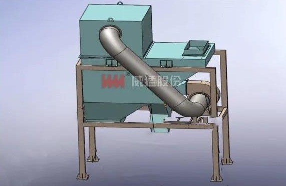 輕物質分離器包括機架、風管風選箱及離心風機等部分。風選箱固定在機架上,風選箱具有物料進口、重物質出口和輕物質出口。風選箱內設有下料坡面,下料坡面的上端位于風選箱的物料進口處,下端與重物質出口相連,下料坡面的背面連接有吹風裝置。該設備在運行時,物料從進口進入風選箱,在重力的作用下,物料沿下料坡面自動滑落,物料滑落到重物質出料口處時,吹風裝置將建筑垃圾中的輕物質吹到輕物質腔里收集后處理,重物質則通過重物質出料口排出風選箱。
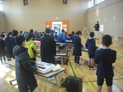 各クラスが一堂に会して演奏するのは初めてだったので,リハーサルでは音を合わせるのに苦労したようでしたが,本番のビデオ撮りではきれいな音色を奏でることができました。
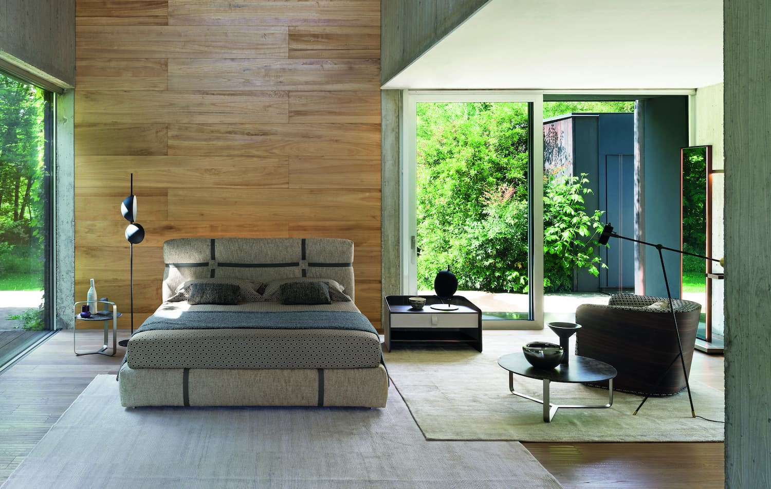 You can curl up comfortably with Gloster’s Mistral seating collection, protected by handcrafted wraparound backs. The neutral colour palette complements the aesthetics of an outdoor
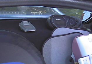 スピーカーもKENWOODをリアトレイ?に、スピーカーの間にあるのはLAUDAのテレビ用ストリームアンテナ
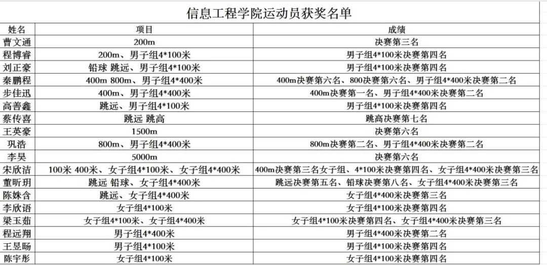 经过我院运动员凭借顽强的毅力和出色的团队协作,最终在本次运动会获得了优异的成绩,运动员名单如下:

* * *

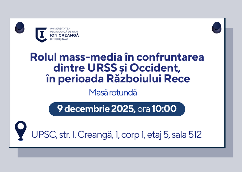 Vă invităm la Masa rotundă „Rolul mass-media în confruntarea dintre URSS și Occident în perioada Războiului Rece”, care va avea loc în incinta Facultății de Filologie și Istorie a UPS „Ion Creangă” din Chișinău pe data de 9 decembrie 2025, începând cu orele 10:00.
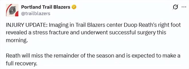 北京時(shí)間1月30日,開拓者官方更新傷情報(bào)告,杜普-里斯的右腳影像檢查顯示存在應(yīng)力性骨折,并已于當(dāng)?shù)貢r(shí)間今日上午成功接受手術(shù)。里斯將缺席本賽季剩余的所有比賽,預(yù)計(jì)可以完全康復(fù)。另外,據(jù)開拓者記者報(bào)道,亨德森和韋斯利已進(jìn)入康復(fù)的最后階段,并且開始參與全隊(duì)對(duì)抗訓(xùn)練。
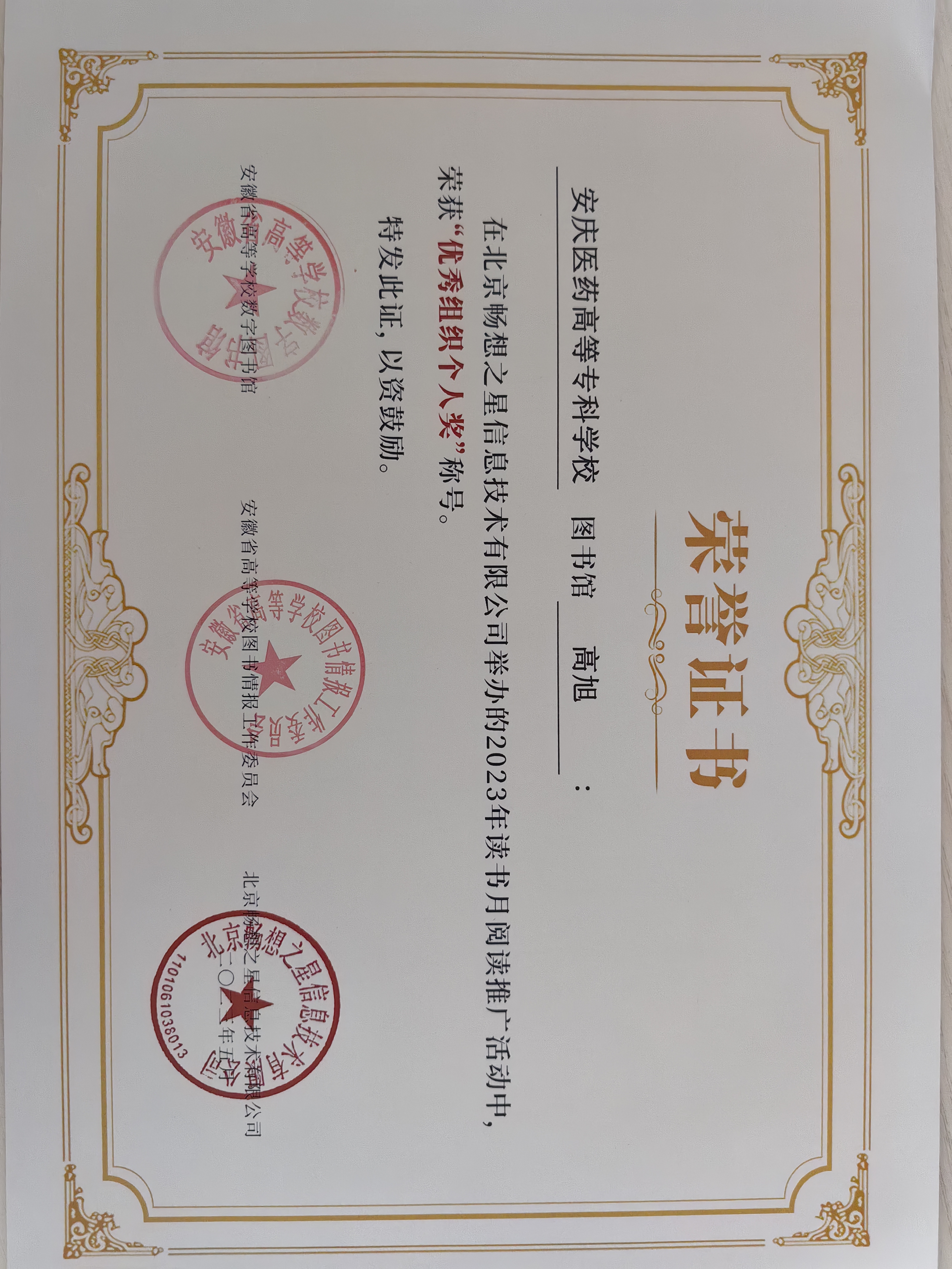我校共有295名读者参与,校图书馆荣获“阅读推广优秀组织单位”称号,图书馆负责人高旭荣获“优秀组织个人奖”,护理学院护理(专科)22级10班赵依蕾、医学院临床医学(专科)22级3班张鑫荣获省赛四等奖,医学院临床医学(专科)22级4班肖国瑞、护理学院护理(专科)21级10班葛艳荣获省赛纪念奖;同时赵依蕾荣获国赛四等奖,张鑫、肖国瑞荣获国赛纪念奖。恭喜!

## EXERCISE
In the listing above, the required lines run from the line with "輕物質分離器包括機架、風管風" through the line with "经过我院运动员凭借顽强的毅力". Output exactly those lines, omitting pictures.

## RESPONSE
 輕物質分離器包括機架、風管風選箱及離心風機等部分。風選箱固定在機架上,風選箱具有物料進口、重物質出口和輕物質出口。風選箱內設有下料坡面,下料坡面的上端位于風選箱的物料進口處,下端與重物質出口相連,下料坡面的背面連接有吹風裝置。該設備在運行時,物料從進口進入風選箱,在重力的作用下,物料沿下料坡面自動滑落,物料滑落到重物質出料口處時,吹風裝置將建筑垃圾中的輕物質吹到輕物質腔里收集后處理,重物質則通過重物質出料口排出風選箱。
 各クラスが一堂に会して演奏するのは初めてだったので,リハーサルでは音を合わせるのに苦労したようでしたが,本番のビデオ撮りではきれいな音色を奏でることができました。
 You can curl up comfortably with Gloster’s Mistral seating collection, protected by handcrafted wraparound backs. The neutral colour palette complements the aesthetics of an outdoor
 スピーカーもKENWOODをリアトレイ?に、スピーカーの間にあるのはLAUDAのテレビ用ストリームアンテナ
 经过我院运动员凭借顽强的毅力和出色的团队协作,最终在本次运动会获得了优异的成绩,运动员名单如下:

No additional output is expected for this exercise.